Возросла надежда на идею оставить внутреннее крыло нетронутым и начать закрутку только со стороны внешних мотогондол двигателей. Если бы это сработало, это было бы на одну десятую сложнее и дороже, чем скручивание всего крыла. По моей инициативе Джим Хой провел элементарный анализ для оценки этой концепции и обнаружил, что скручивание внешних крыльев на самом деле даст от 80 до 90 % требуемого эффекта от скручивания всего крыла.
Основываясь на этой быстрой и грязной оценке, я сразу же решил, что именно так мы и поступим. Мои люди перепроектировали крыло 747-го самолета так, чтобы оно было закручено наружу, что полностью решило проблему нагрузки. Это решение оказалось настолько эффективным, что привлекло внимание прессы, которая назвала его "твист Саттера", и это название сохранилось за ним до сих пор.
Эверетт Уэбб считает, что это должно называться "твист Уэбба", и, возможно, он прав. В командной среде идеи часто приходят в голову сразу нескольким людям. Главное, что мы придумали решение, которое не нарушило аэродинамических качеств нашего отличного крыла.
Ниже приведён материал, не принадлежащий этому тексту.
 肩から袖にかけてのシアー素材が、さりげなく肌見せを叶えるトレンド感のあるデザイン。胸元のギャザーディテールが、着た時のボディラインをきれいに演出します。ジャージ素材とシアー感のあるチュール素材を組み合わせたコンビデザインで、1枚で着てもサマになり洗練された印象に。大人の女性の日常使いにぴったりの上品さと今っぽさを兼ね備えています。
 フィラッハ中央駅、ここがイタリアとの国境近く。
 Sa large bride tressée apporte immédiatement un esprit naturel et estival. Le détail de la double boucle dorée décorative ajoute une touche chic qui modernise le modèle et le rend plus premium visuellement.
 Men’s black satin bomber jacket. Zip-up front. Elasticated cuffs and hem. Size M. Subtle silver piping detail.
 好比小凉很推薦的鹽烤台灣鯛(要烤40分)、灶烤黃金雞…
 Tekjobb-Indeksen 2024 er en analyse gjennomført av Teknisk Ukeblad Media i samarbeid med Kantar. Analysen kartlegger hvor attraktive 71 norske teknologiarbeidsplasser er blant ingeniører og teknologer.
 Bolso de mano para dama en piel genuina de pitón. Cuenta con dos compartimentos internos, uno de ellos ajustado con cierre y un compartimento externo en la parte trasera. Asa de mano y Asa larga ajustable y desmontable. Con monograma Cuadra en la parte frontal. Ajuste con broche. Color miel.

Оглядываясь назад, я думаю, что справился с этим кризисом довольно хорошо. Я знал, что моя работа под угрозой, но сосредоточился на решении инженерной задачи и ни на секунду не задумывался о политике. Как выяснилось, было проведено чертовски много маневров, чтобы вычеркнуть меня из общей картины и поставить другое крыло на 747-й. Я узнал все подробности этой истории только в начале 1990-х годов, прочитав превосходную книгу Клайва Ирвинга "Wide-Body: The Triumph of the 747".
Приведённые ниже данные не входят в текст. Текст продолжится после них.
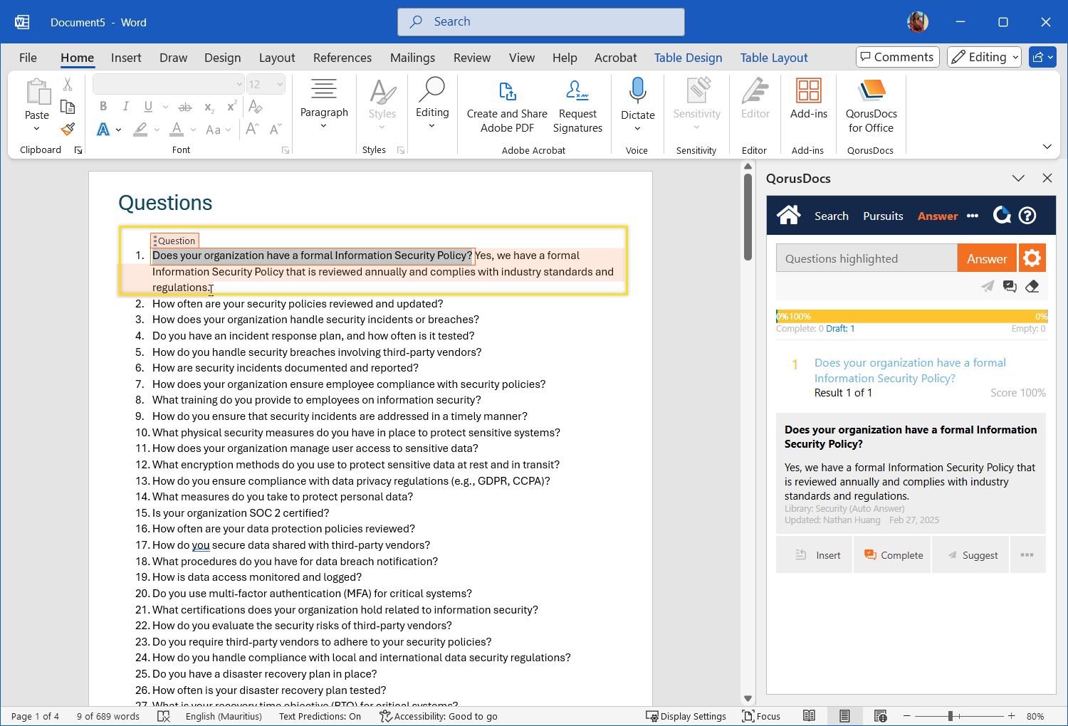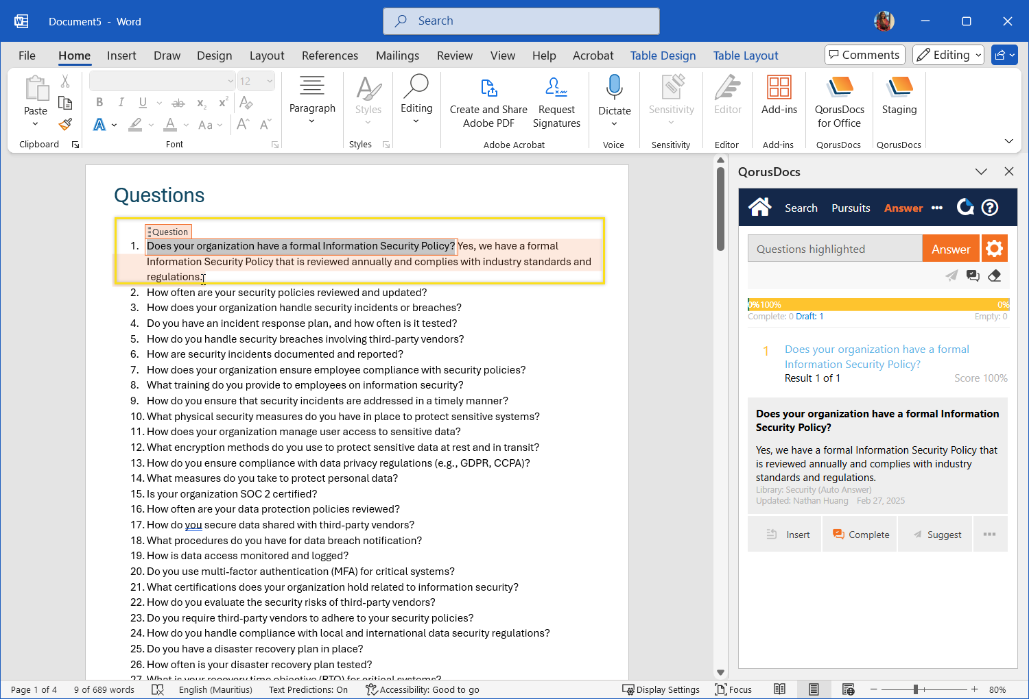 This option inserts the answer immediately below the question, on a separate line, while other possible matches are made available for you to review in the QorusDocs Add-in:, like this:
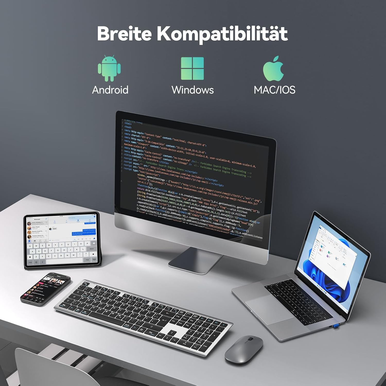 • Широка съвместимост: Bluetooth клавиатурата TECKNET с пълноразмерна цифрова подложка е съвместима с Windows, iOS, macOS и Android и е идеална за различни устройства, включително iPad, таблети, смартфони, лаптопи, настолни компютри и смарт телевизори. За устройства без Bluetooth, просто използвайте включения USB приемник за стабилна връзка.

Если бы Джек Штайнер предложил лучшее инженерное решение, я бы уже был за дверью, не успев понять, что меня поразило. Вместо этого его мнение о том, что наше крыло не подлежит восстановлению, оказалось категорически неверным. Мы разработали и внедрили исправление, которое вернуло программу 747 на прежний уровень, а Штайнер и его "черные парашютисты" собрали вещи и ушли с поля боя.
───────
Как и все разрабатываемые самолеты, 747-й набирал вес в процессе проектирования. Проблема усугублялась тем, что в самом начале программы мы приняли на себя удар по весу, перейдя на очень широкую однопалубную конфигурацию вместо ожидаемой двухпалубной. Такое альтернативное сечение фюзеляжа имело больший диаметр и делало самолет несколько тяжелее.
Когда я создал свою исследовательскую группу и начал работу летом 1965 года, мы предварительно определили полную массу нашего большого самолета в 550 000 фунтов. К апрелю 1966 года и подписанию контракта с Pan Am, положившего начало программе 747, прогнозируемая полная масса самолета составляла 655 000 фунтов. Через год она выросла до 680 000 фунтов и продолжает расти.
Рост веса ставил под угрозу всю программу. Более тяжелый самолет означал, что Pan Am и другие заказчики не смогут перевозить столько полезной нагрузки, приносящей доход, - только если Pratt & Whitney не сможет обеспечить соответствующее увеличение тяги двигателя, а у Pratt и так были заняты все руки, пытаясь достичь первоначальных целей по тяге.